Given the entries below, would you transcribe exactly the lines starting at the one with "Маленький номер, переночевать" and ending at the one with "The Midnight Blue", both kept, pictures omitted, nothing extra?

Task inputs:
"""

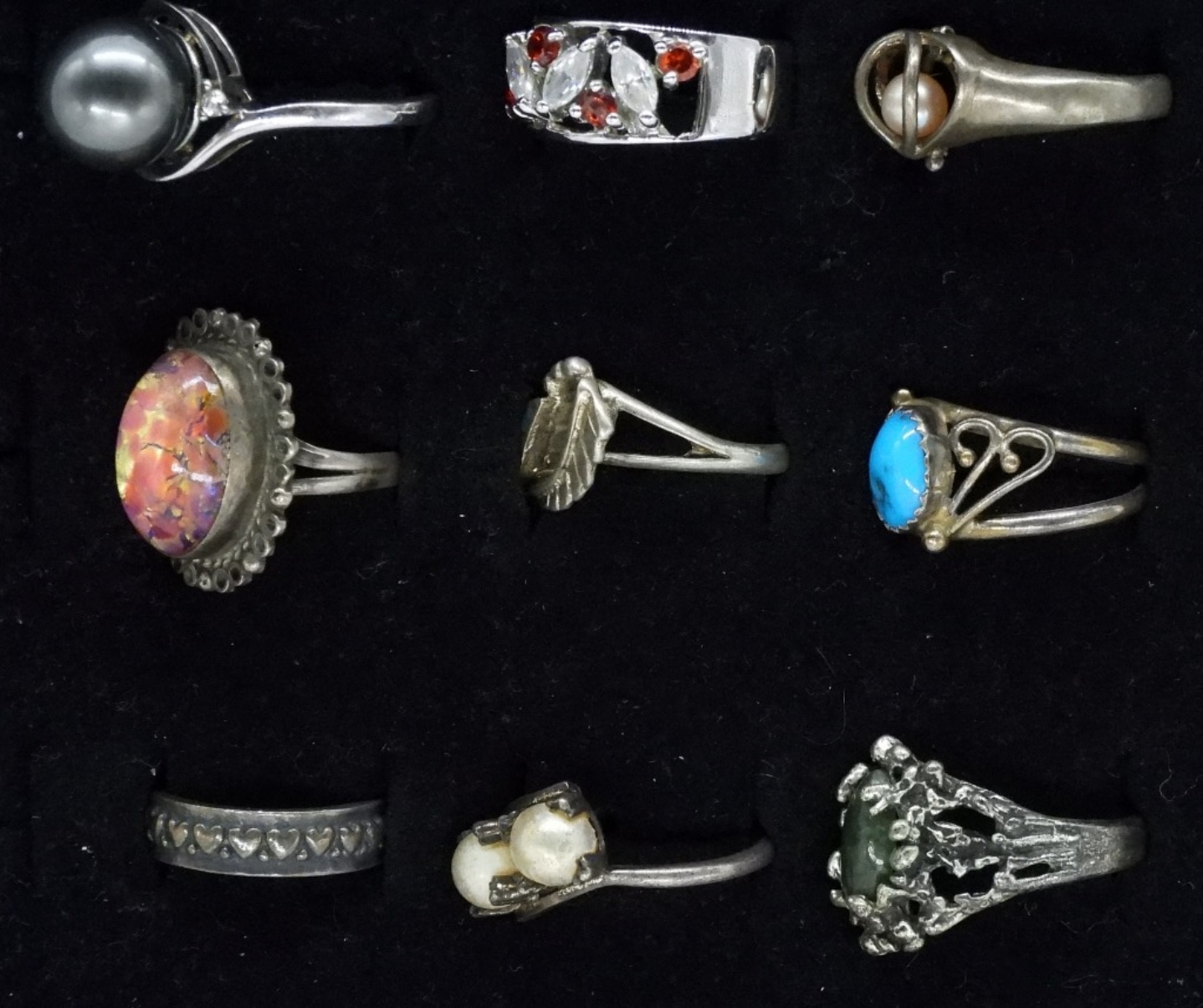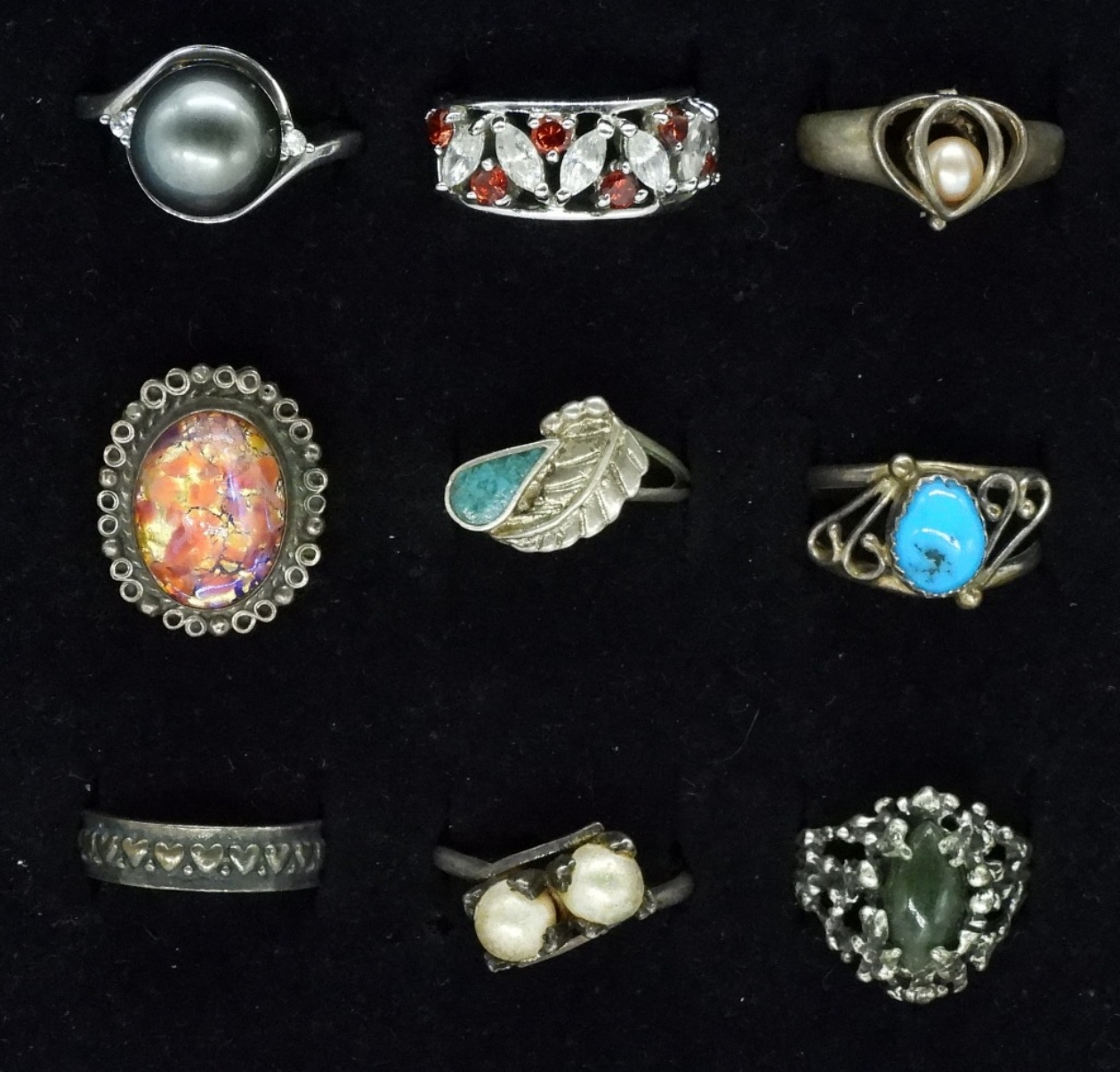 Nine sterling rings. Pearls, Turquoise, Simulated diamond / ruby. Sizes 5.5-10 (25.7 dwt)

"""
"""

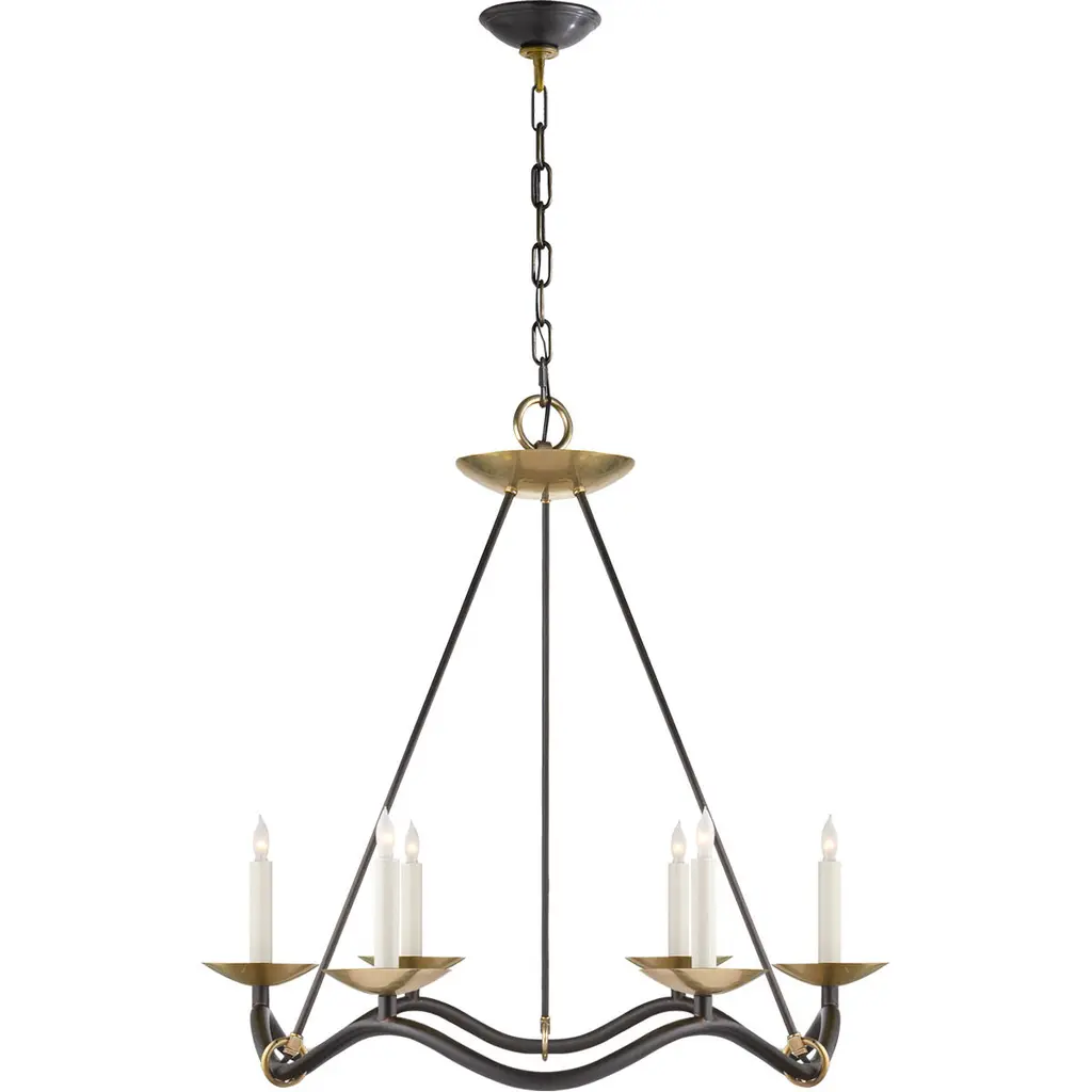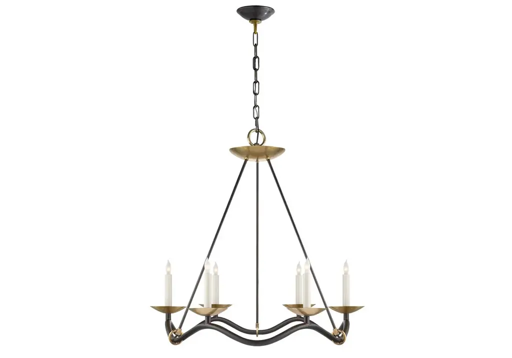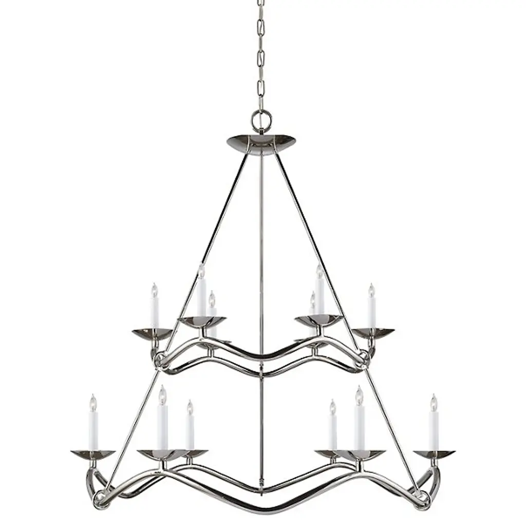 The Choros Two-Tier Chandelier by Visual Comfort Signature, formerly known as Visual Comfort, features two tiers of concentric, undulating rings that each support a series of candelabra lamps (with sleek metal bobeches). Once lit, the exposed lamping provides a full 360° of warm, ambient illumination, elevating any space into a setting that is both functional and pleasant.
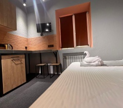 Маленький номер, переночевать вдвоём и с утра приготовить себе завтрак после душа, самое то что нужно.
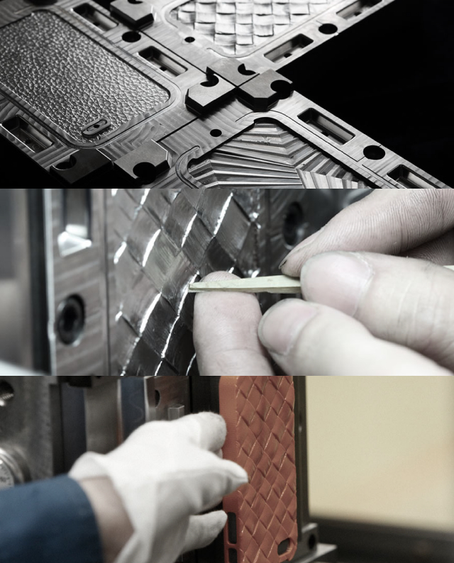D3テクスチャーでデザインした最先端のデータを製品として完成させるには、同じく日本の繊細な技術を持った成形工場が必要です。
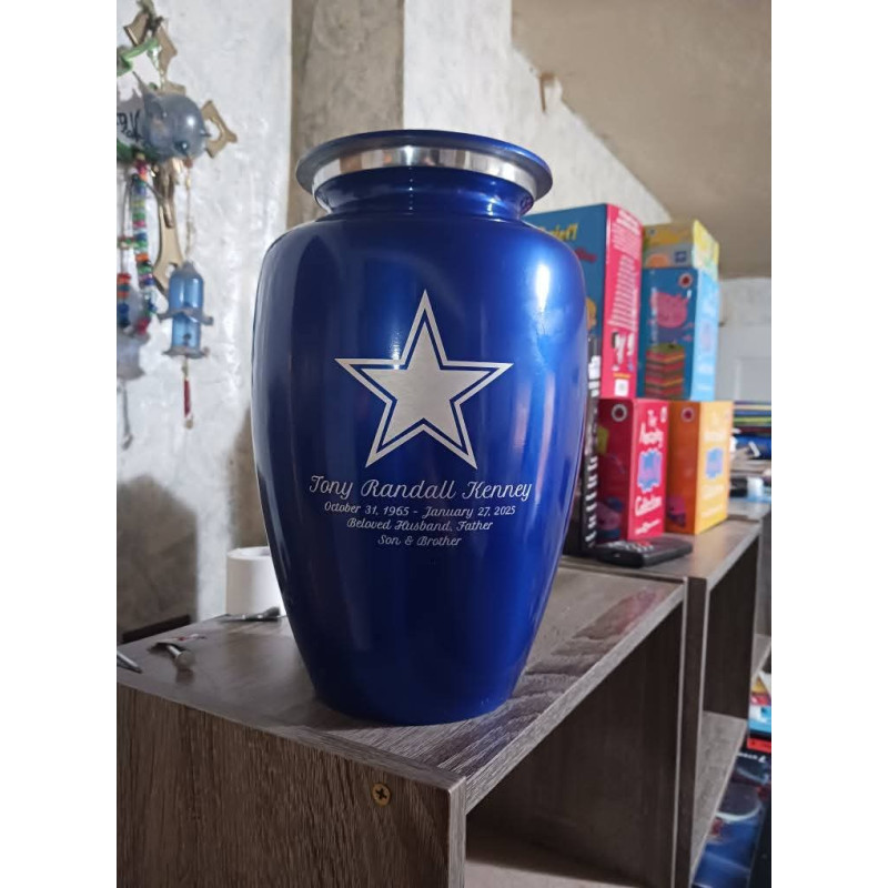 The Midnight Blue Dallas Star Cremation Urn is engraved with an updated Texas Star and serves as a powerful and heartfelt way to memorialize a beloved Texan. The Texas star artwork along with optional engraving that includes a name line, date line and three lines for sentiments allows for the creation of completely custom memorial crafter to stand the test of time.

"""

Answer below:
 Маленький номер, переночевать вдвоём и с утра приготовить себе завтрак после душа, самое то что нужно.
D3テクスチャーでデザインした最先端のデータを製品として完成させるには、同じく日本の繊細な技術を持った成形工場が必要です。
 The Midnight Blue Dallas Star Cremation Urn is engraved with an updated Texas Star and serves as a powerful and heartfelt way to memorialize a beloved Texan. The Texas star artwork along with optional engraving that includes a name line, date line and three lines for sentiments allows for the creation of completely custom memorial crafter to stand the test of time.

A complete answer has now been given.